#### Collected data

****

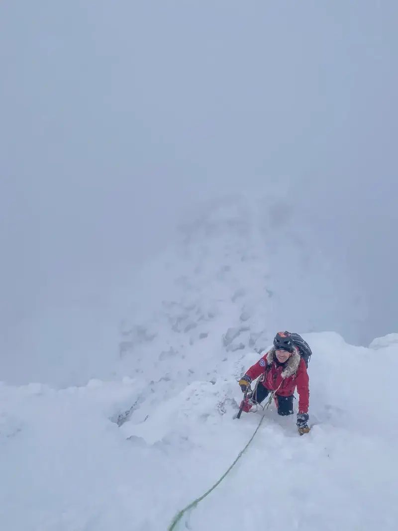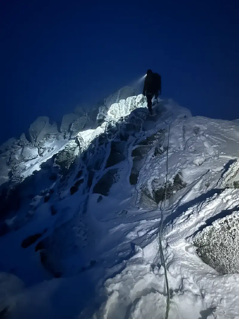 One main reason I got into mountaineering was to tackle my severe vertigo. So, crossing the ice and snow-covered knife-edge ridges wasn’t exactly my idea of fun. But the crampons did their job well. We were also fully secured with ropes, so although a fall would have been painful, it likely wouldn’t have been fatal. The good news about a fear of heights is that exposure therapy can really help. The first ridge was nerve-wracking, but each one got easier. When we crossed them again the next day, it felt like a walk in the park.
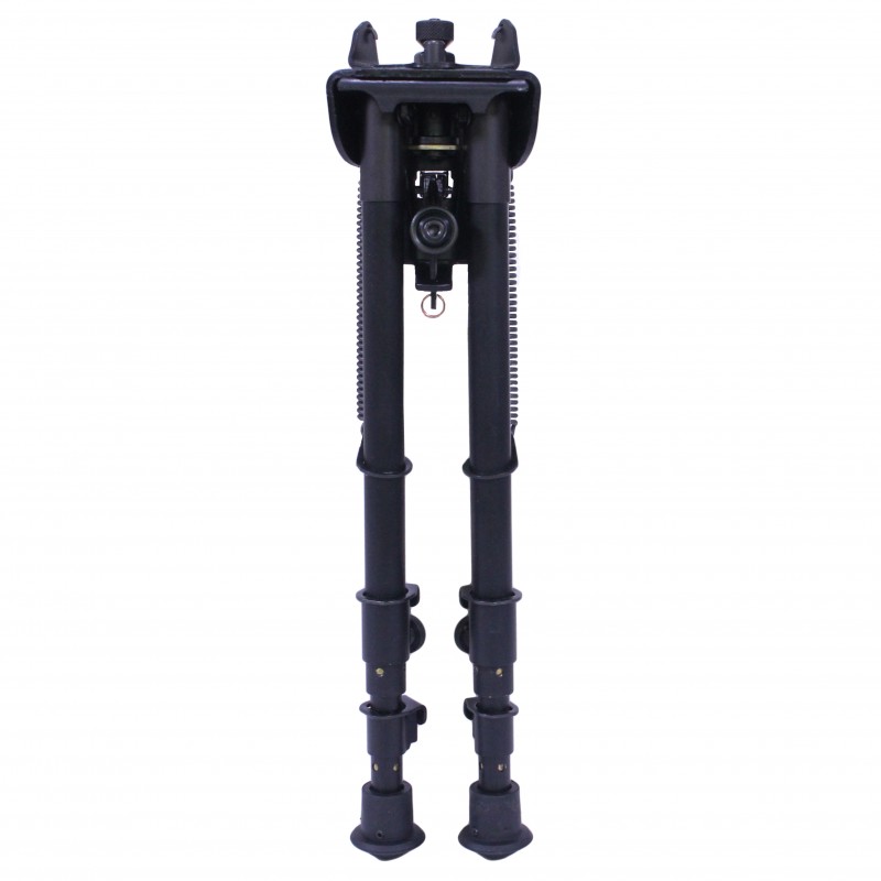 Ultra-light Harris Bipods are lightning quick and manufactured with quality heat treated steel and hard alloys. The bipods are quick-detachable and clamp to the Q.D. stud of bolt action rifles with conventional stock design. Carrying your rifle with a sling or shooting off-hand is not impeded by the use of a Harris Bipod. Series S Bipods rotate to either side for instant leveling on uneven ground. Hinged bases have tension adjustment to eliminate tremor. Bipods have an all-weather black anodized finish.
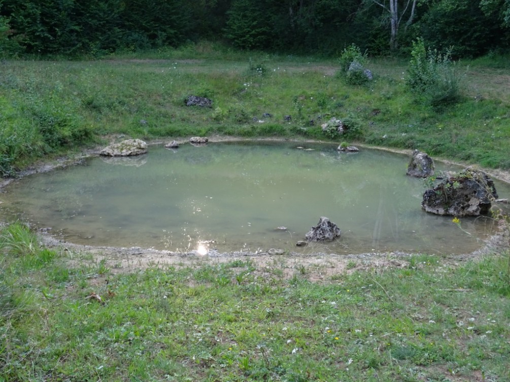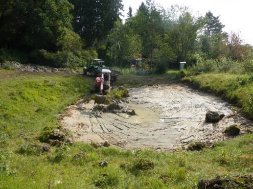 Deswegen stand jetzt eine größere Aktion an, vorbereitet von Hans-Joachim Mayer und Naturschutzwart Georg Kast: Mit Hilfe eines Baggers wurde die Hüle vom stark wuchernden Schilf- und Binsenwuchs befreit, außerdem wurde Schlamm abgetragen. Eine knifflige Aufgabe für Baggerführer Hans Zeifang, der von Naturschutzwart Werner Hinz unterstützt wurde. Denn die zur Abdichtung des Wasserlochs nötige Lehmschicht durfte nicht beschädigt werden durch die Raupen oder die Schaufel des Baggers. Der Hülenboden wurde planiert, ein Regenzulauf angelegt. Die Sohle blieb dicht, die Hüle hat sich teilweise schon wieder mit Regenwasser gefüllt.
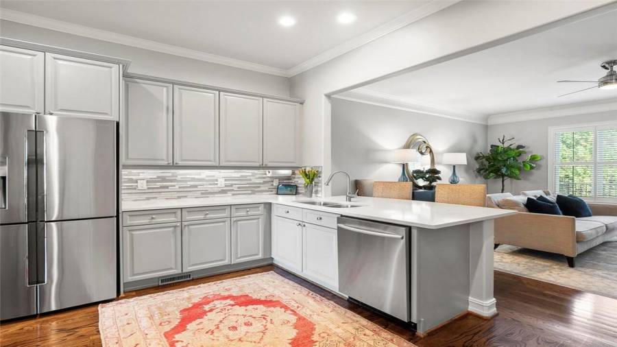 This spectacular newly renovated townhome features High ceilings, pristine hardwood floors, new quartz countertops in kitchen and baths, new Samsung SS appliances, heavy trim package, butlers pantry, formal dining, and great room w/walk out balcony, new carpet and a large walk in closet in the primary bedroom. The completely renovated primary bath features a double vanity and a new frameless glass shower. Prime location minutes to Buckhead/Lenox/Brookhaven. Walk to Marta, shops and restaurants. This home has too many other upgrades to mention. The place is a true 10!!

****

#### Exercise goal
Take the line containing "Deswegen stand jetzt" as the first line and the last line of the data above as the final one, and output exactly the lines between them, inclusive, with no pictures.

#### Your solution
 Deswegen stand jetzt eine größere Aktion an, vorbereitet von Hans-Joachim Mayer und Naturschutzwart Georg Kast: Mit Hilfe eines Baggers wurde die Hüle vom stark wuchernden Schilf- und Binsenwuchs befreit, außerdem wurde Schlamm abgetragen. Eine knifflige Aufgabe für Baggerführer Hans Zeifang, der von Naturschutzwart Werner Hinz unterstützt wurde. Denn die zur Abdichtung des Wasserlochs nötige Lehmschicht durfte nicht beschädigt werden durch die Raupen oder die Schaufel des Baggers. Der Hülenboden wurde planiert, ein Regenzulauf angelegt. Die Sohle blieb dicht, die Hüle hat sich teilweise schon wieder mit Regenwasser gefüllt.
 This spectacular newly renovated townhome features High ceilings, pristine hardwood floors, new quartz countertops in kitchen and baths, new Samsung SS appliances, heavy trim package, butlers pantry, formal dining, and great room w/walk out balcony, new carpet and a large walk in closet in the primary bedroom. The completely renovated primary bath features a double vanity and a new frameless glass shower. Prime location minutes to Buckhead/Lenox/Brookhaven. Walk to Marta, shops and restaurants. This home has too many other upgrades to mention. The place is a true 10!!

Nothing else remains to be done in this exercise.